→ **Your goal**
Set down again exactly the lines of the listing below that fall between the line holding "南極人媽媽內褲女士純棉平角高腰加肥加大碼中老年奶奶四角短褲頭" and the line holding "- 最後に、オペレーションで", inclusive.

→ **Information given**

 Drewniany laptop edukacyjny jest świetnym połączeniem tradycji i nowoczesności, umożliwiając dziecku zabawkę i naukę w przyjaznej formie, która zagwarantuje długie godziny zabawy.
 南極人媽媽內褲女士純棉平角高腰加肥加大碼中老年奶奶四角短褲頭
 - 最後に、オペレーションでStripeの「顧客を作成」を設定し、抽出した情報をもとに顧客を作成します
==
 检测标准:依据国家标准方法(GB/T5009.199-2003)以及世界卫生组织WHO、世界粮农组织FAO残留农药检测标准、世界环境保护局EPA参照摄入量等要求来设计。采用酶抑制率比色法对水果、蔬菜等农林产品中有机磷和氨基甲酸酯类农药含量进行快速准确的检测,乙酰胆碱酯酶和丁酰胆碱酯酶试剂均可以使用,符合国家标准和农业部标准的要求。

→ **Written reply**
 南極人媽媽內褲女士純棉平角高腰加肥加大碼中老年奶奶四角短褲頭
 - 最後に、オペレーションでStripeの「顧客を作成」を設定し、抽出した情報をもとに顧客を作成します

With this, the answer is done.